Fast wäre Gianna Nannini nach Muri gekommen

Nach dem Erfolg des ersten Open Airs wurde das zweite geplant, diesmal auf dem Guggibad. Wegen der schlechten Witterung musste es jedoch in der Turnhalle Bachmatten veranstaltet werden. Huwiler: «Alles war beim Guggibad bereits aufgestellt. Zum Glück hatten wir eine Schlechtwetterversicherung gemacht.» Die dritte Ausgabe war das erste zweitägige Open Air, das «endlich» auf dem Guggibad stattfand. «Alles Dagewesene wurde mit diesem Open Air übertroffen», stand damals in dieser Zeitung. «Das erste ‹echte› Guggibad-Open-Air 1983 endete in einem Defizit. Jedes OK-Mitglied berappte dieses Defizit aus dem eigenen Sack. Das war hart für uns, da die meisten von uns noch in der Ausbildung waren», berichtet Rolf Küng. Das war ein Dämpfer, sind sich die drei ehemaligen Gründungsmitglieder einig. Nichtsdestotrotz wollten sie weitermachen und hatten einen Plan B. «Wir wollten es wieder in der Halle machen», sagt Monika Küng und verrät den Topact, der das Freiamt zum Rocken bringen sollte: «Gianna Nannini, der italienische Superstar, hatte uns schon eine Zusage erteilt.» Doch «leider» erhielten sie damals vom Murianer Gemeinderat keine Bewilligung.
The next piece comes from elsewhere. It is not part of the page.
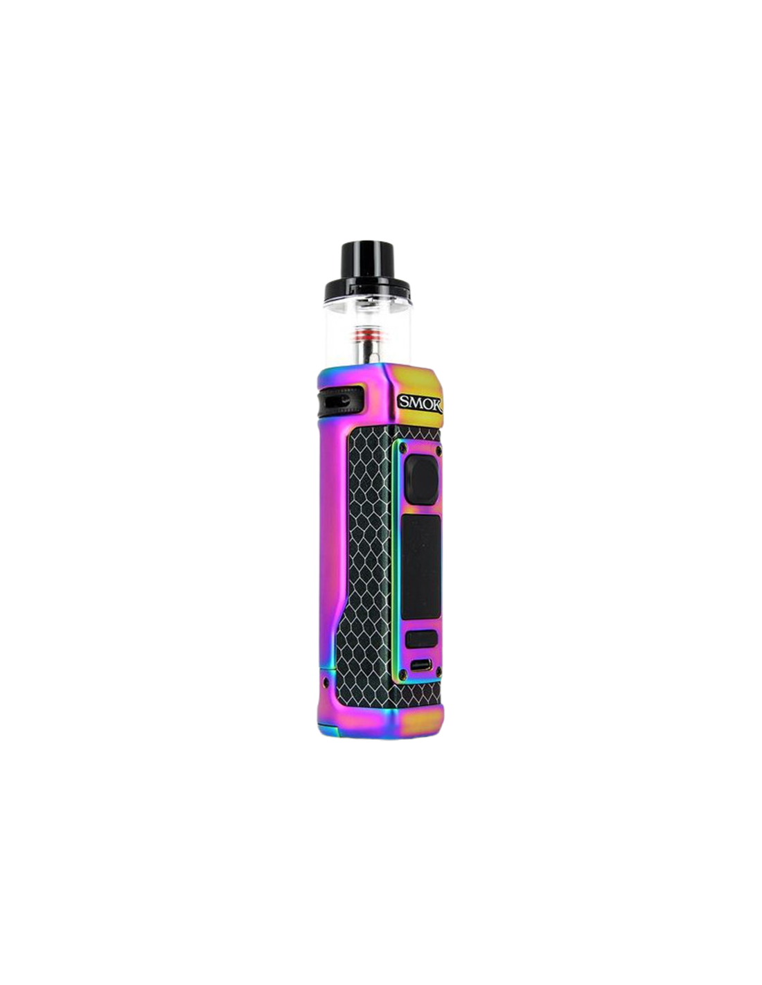 El KIT RPM100 SMOK es una nueva gama de pods compactos y ligeros con tecnología IML. Cuenta con una pantalla TFT en color de 0,96 pulgadas, un puerto USB Type-C para la carga y un sistema de flujo de aire giratorio. El kit viene con un cartucho RPM3 de 6ml y es compatible con las resistencias RPM3 de Smok. Puede llevar una batería 21700 o 18650, gracias al adaptador suministrado. El kit incluye la caja RPM100, el cartucho RPM3, dos resistencias RPM3, un adaptador de batería 18650, un cable USB Type-C y un manual de usuario.

Somit war nach der dritten Ausgabe Schluss. Und der Verein, der die Freiämter Kulturszene mit seinem Engagement aufmischte, wurde aufgelöst. Dass sie jedoch damit den Grundstein für weitere Open Airs und Festivals im Freiamt legten (das Guggibad Muri wurde 1990 von einem anderen Verein wiederbelebt und bis ins Jahr 2002 organisiert), war ihnen damals nicht bewusst. «Eine gewisse Naivität war klar dabei», gibt Rolf Küng zu und Huwiler ergänzt: «Wären wir uns damals aller Risiken bewusst gewesen, hätten wir wohl nie angefangen.» Dass der jugendliche Leichtsinn jedoch zu einer Pionierarbeit wurde, mache schon stolz.